Data block:
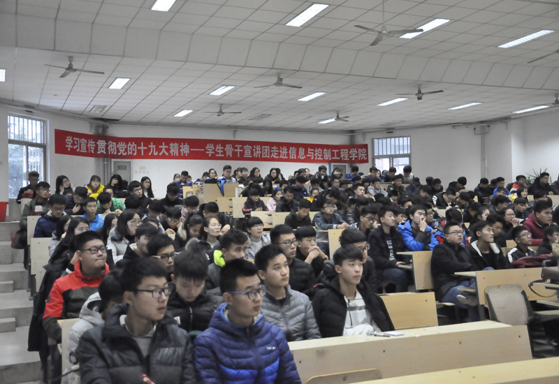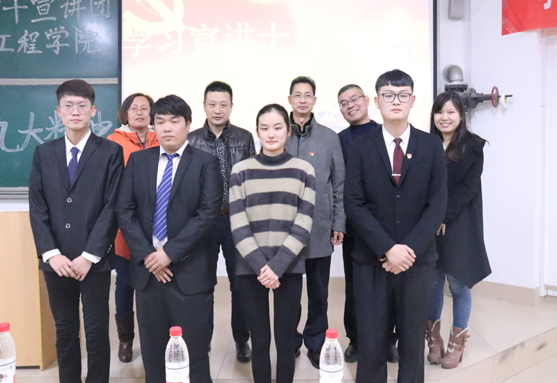 为进一步学习宣传党的十九大精神,发挥学生骨干的引领作用,12月5日下午,由学生工作处相关负责人边洪燕、郎斌、朱万山和钱雨带队的学生骨干宣讲团的四个小组分别走进化学化工与环境工程学院、信息与控制工程学院、生物与农业工程学院以及机电与车辆工程学院进行宣讲。
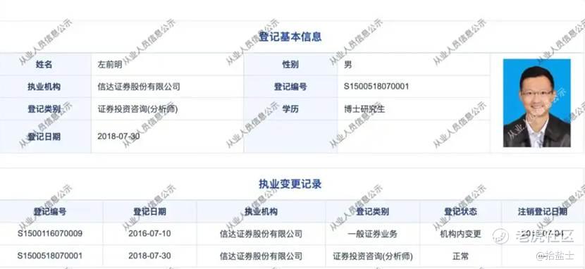 中证协官网资料显示,左前明的执业登记机构登记为信达证券,登记类别为一般证券业务。2018年7月30日,左前明在信达证券的登记类别变更为证券投资咨询(分析师)。截至3月25日,左前明在信达证券的登记状态仍显示正常。
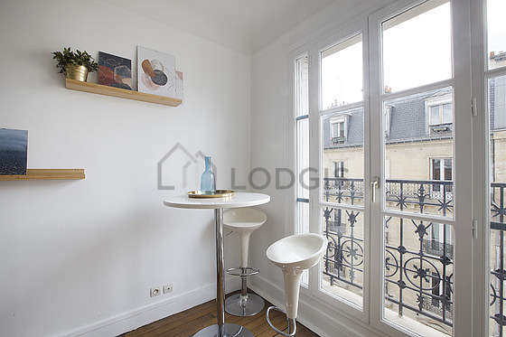 This apartment consists of a attractive living room with wooden floor and its double-glazed windows. This quiet living room is furnished and equipped for a comfortable stay: tv, linen, quilt, coffee table, wardrobe, shelves, cupboard, bar1 sofabed(s) of 120cm.

Exercise objective: In your copy, reproduce the data above exactly and skip every picture.

Answer to this problem:
 为进一步学习宣传党的十九大精神,发挥学生骨干的引领作用,12月5日下午,由学生工作处相关负责人边洪燕、郎斌、朱万山和钱雨带队的学生骨干宣讲团的四个小组分别走进化学化工与环境工程学院、信息与控制工程学院、生物与农业工程学院以及机电与车辆工程学院进行宣讲。
 中证协官网资料显示,左前明的执业登记机构登记为信达证券,登记类别为一般证券业务。2018年7月30日,左前明在信达证券的登记类别变更为证券投资咨询(分析师)。截至3月25日,左前明在信达证券的登记状态仍显示正常。
 This apartment consists of a attractive living room with wooden floor and its double-glazed windows. This quiet living room is furnished and equipped for a comfortable stay: tv, linen, quilt, coffee table, wardrobe, shelves, cupboard, bar1 sofabed(s) of 120cm.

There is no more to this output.